***** Task data

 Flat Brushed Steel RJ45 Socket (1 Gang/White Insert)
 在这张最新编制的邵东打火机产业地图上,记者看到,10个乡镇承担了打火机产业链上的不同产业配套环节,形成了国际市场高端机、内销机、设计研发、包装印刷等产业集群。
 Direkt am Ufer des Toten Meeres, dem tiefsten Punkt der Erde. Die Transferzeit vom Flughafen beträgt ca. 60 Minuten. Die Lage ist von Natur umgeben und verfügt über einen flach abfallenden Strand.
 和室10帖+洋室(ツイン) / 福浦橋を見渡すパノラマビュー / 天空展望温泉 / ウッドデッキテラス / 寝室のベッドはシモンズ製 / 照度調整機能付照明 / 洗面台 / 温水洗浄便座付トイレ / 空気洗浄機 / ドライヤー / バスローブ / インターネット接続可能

**********
***** Task data

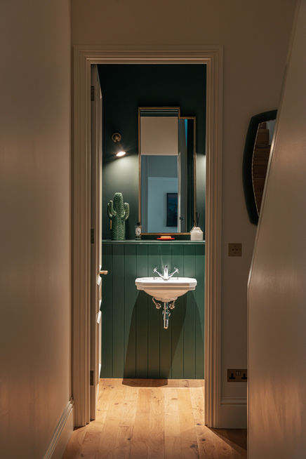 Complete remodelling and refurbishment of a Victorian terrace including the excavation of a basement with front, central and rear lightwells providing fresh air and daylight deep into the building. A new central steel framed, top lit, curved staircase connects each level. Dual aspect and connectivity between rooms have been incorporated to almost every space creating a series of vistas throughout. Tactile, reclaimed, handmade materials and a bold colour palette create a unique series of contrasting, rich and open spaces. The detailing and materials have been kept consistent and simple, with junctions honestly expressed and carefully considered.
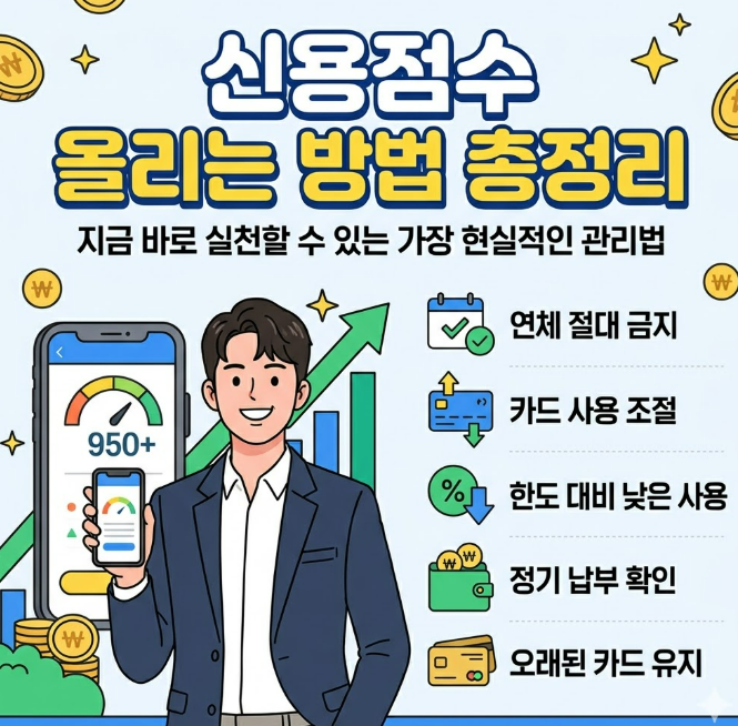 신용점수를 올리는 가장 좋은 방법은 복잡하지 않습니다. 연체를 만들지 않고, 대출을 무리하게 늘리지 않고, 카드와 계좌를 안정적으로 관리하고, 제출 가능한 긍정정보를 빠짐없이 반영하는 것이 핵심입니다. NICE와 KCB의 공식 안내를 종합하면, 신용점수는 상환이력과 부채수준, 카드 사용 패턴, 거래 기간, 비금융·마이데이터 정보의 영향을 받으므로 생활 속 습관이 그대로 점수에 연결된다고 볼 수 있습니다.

**********
***** Task data

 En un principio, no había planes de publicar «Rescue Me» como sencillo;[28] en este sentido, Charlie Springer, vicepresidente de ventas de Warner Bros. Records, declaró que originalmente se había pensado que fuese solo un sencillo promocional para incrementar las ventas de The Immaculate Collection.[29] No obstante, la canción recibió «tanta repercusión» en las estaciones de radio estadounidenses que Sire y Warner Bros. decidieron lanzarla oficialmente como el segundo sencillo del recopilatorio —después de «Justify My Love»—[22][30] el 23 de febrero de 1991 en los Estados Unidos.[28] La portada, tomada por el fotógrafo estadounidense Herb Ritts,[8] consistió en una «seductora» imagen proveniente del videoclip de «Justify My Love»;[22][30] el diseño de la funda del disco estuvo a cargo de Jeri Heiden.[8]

**********

--- Aim of the exercise ---
Please give back exactly the lines of this listing beginning at the line with "Flat Brushed Steel" and ending with the line with "Direkt am Ufer", both included, and nothing else.

--- Written reply ---
 Flat Brushed Steel RJ45 Socket (1 Gang/White Insert)
 在这张最新编制的邵东打火机产业地图上,记者看到,10个乡镇承担了打火机产业链上的不同产业配套环节,形成了国际市场高端机、内销机、设计研发、包装印刷等产业集群。
 Direkt am Ufer des Toten Meeres, dem tiefsten Punkt der Erde. Die Transferzeit vom Flughafen beträgt ca. 60 Minuten. Die Lage ist von Natur umgeben und verfügt über einen flach abfallenden Strand.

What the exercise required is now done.